Among the acquired assets, customer lists have a useful life of 10 years. The goodwill resulting from the acquisition primarily reflects the synergies expected to be realized from integration of the acquired business. Goodwill and the increase in carrying value resulting from the step-up in basis of the intangible assets in connection with stock acquisitions such as the Mayo Healthcare acquisition are not deductible for tax purposes.
The Company made the following acquisitions during 2013, all of which were accounted for as business combinations:

On December 2, 2013, the Company acquired Vidacare Corporation, (“Vidacare”), a provider of intraosseous, or inside the bone, access devices. This acquisition complements the Company’s vascular access and specialty product portfolios.
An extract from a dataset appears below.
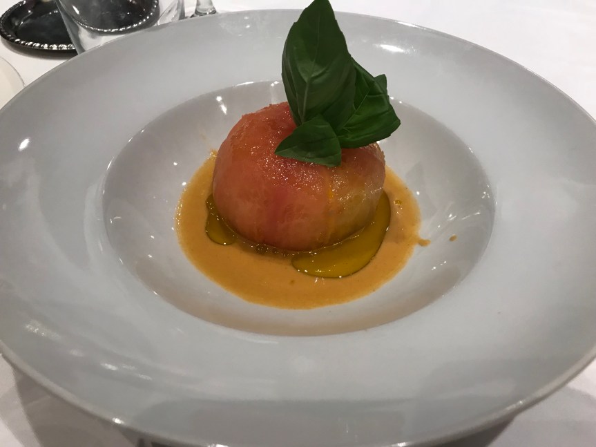 Comenzamos con el tomate especial Samarkanda, un tomate relleno de ventresca y bañado en salmorejo de albahaca. Esta es una manera excelente de comenzar cualquier comida gracias a su toque refrescante, suave y perfecto para ayudar a abrir el apetito para lo que viene después. Una receta aparentemente sencilla pero que es mucho más compleja de lo que parece.

On June 11, 2013, the Company acquired the assets of Ultimate Medical Pty. Ltd. and its affiliates (“Ultimate”), a supplier of airway management devices and related products. This acquisition complements the Company’s anesthesia product portfolio.
On June 6, 2013, the Company acquired Eon Surgical, Ltd. (“Eon”), a developer of a minimally invasive microlaparoscopy surgical platform technology designed to enhance a surgeon’s ability to perform scarless surgery while producing better patient outcomes. This technology complements the Company’s surgical product portfolio.
The total fair value of consideration for the 2013 acquisitions was $307.0 million. The results of operations of the acquired businesses and assets are included in the consolidated statements of income from their respective acquisition dates. Pro forma information is not presented as the operations of the acquired businesses are not significant to the overall operations of the Company.